Gould agrees with the widespread view that a merger between archaea and bacteria gave rise to the first eukaryotes, but thinks the archaeal partner was nothing like the newly cultured microbes. Instead, he says, the genetic evidence points to a much simpler host. In a 10 November paper in eLifeGould and colleagues propose it was the presence of bacterium inside these cells causing new stresses on the Archaea’s cellular processes that spurred the evolution of eukaryotic features such as the nucleus, and the network of membranes and internal compartments called the Golgi apparatus, and even the evolution of sex.
Ettema, too, thinks the full story has yet to unfold. He notes that based on eDNA sampling by his group and others, the two cultured Asgards represent just a small subset of the group’s diversity.
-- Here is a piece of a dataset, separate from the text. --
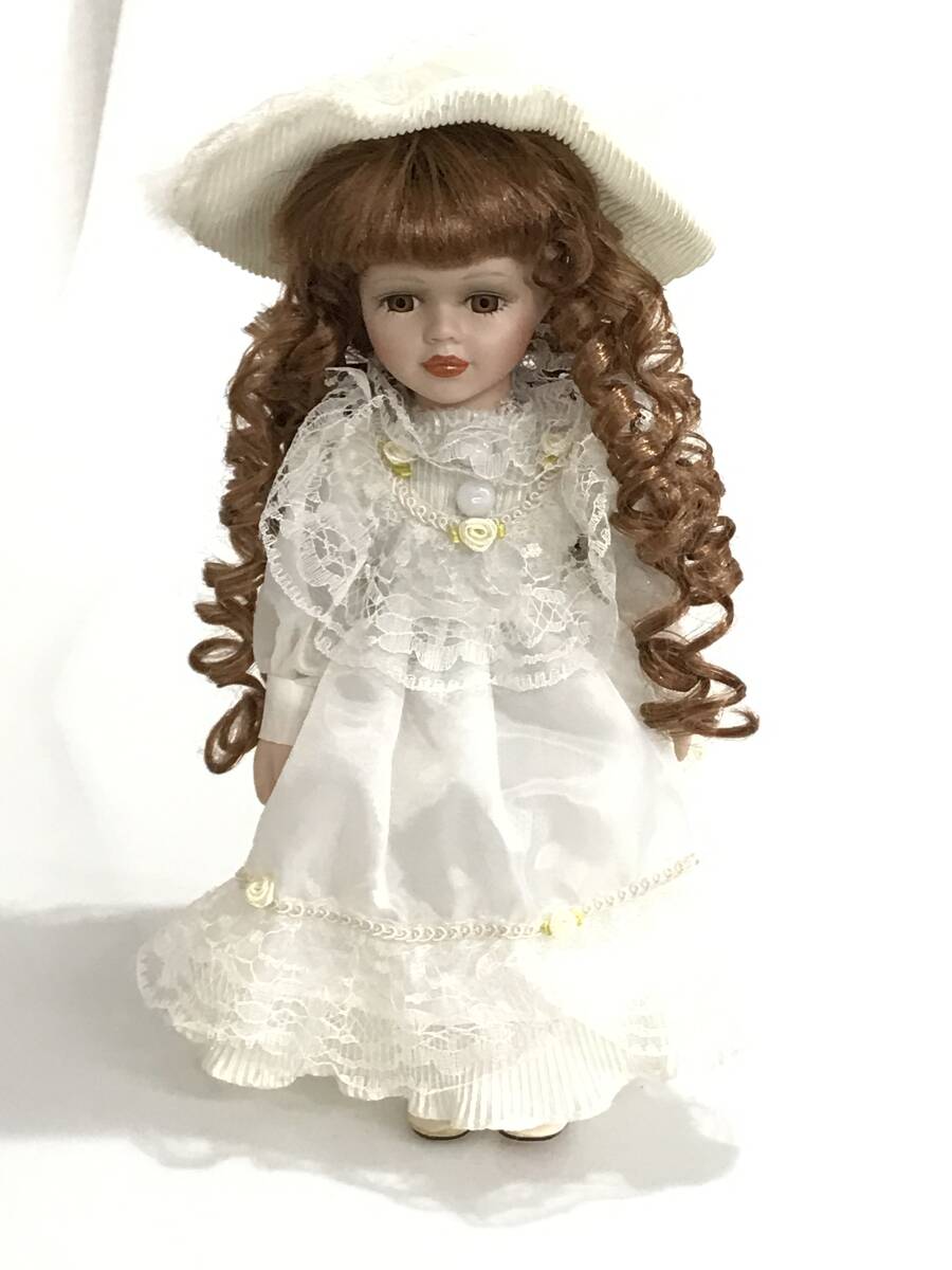 > G8116 Porcelain Doll 約30cm ドール 女の子 金髪ドレス ホワイト 陶器製 ビスクドール 西洋人形 アンティーク

He points out that recent work indicates eukaryotes branched off a specific branch of Asgard archaea. Also, the last common ancestor of Asgard archaea and eukaryotes most likely was very different from the two Asgard archaea characterized so far. So, he and others are trying to culture and characterize other Asgards.
Microbiologists and evolutionary biologists eagerly await results for those efforts. “It will be exciting to see what other Asgard-like archaea are discovered and what they look like,” Baum says.